This document outlines the updated interaction flow for AI agents within the Planeo application, focusing on how actions, chat messages, and audio playback are synchronized.
The previous AI interaction model involved the AI generating a chat message, which was then processed for Text-to-Speech (TTS), and separately, actions might be inferred or directly generated. The new model tightens this loop, ensuring that an AI agent completes its spoken message and associated action before a new decision cycle is initiated for that agent.
The flow for each AI agent generally follows these steps:
-
Client-Side Trigger: An agent becomes ready for a new decision. This readiness is now primarily determined by the completion of audio playback for its previous chat message (or if it had no message to speak).
-
Visual Data Capture (Client): The client captures the current visual information from the specific AI agent's perspective (e.g., a screenshot of its view in the 3D world).
-
Request to Backend (Client -> Server):
- The client sends the captured image data and the current chat history to the
generateAiActionAndChatserver action. - It's crucial that the chat history sent is as up-to-date as possible to provide the LLM with the latest conversational context.
- The client sends the captured image data and the current chat history to the
-
LLM Processing (Server):
- The
generateAiActionAndChatfunction on the server constructs a prompt for the Google Generative AI model (e.g., Gemini). - This prompt includes the system instructions, the agent's current visual data (image), and the provided chat history.
- The LLM is instructed to return a JSON object containing:
chatMessage(optional): A brief text message for the agent to say.action: An object describing the action the agent should take (e.g.,{ "type": "move", "direction": "forward", "distance": 1 }or{ "type": "turn", "direction": "left", "degrees": 30 }).
- The
-
Audio Generation (Server):
- If the LLM response includes a
chatMessage, the server calls thegenerateAudiofunction (fromsrc/lib/audioService.ts). - Currently, for development and testing, this service returns a URL to a standard test audio file (e.g., a T-Rex roar) instead of generating unique TTS for each message.
- The
audioSrc(URL to the audio file) is added to the response object.

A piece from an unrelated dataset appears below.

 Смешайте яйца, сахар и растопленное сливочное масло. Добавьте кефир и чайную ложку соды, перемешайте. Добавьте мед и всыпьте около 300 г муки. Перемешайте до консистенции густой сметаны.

- If the LLM response includes a
-
Response to Client (Server -> Client): The server action returns the LLM's
action, thechatMessage, and theaudioSrcto the client. -
Client-Side Orchestration: A client-side component (conceptually, the
AIInteractionOrchestratoror similar logic) manages the following sequence for the specific agent:- Apply Action: The
actionreceived from the server is immediately applied to the game state (e.g., the AI agent's model in the 3D world is moved or rotated). - Play Audio: If an
audioSrcis present, the audio is played using an HTMLAudioElement. - Wait for Audio Completion: The orchestrator listens for the
onendedevent of the audio element. - Trigger Next Cycle: Only after the
onendedevent fires (or if there was no audio to play), the orchestrator considers the current cycle complete for that agent and initiates a new cycle by returning to Step 1 (or Step 2 directly).
- Apply Action: The
-
Chat Message Broadcast (Server via SSE): Concurrently with step 5 & 6, if a
chatMessagewas generated by the LLM, thepostChatMessageToEventsfunction is called on the server. This broadcasts the chat message to all connected clients via Server-Sent Events (SSE), allowing it to appear in the shared chat UI.

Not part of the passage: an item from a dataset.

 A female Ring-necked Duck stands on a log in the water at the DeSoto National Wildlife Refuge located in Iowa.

- Synchronization: Actions and spoken words are more closely tied. An agent acts, and then its corresponding line is "spoken." The next turn for that agent waits for the speech to finish.

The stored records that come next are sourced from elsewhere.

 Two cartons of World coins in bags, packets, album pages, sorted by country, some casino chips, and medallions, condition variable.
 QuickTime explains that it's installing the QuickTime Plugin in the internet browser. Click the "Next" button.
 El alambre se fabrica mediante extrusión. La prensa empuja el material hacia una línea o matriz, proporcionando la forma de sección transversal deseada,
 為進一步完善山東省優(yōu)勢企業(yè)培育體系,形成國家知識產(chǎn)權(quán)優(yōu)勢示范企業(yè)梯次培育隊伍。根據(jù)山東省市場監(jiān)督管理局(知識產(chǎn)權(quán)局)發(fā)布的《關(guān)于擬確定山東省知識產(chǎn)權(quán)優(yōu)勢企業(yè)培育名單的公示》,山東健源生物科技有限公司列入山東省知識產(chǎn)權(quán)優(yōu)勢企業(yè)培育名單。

- Controlled Pacing: Prevents agents from making new decisions and speaking again before their previous utterance has finished, leading to a more natural and understandable interaction pace.
- Reduced Rapid Cycling: Avoids overwhelming the LLM with too-frequent requests that could occur if decisions were made without waiting for audio.
- A central orchestrator logic (like the
AIInteractionOrchestrator.tsxcomponent proposed) is recommended to manage the state for each AI agent (e.g.,isProcessing,isWaitingForAudio). - It's essential to correctly handle the
onendedandonerrorevents of the HTMLAudioElement to control the loop. - Fetching the most recent chat history from a shared client-side store (updated by SSE) just before making the request to the backend is critical for providing good conversational context to the LLM.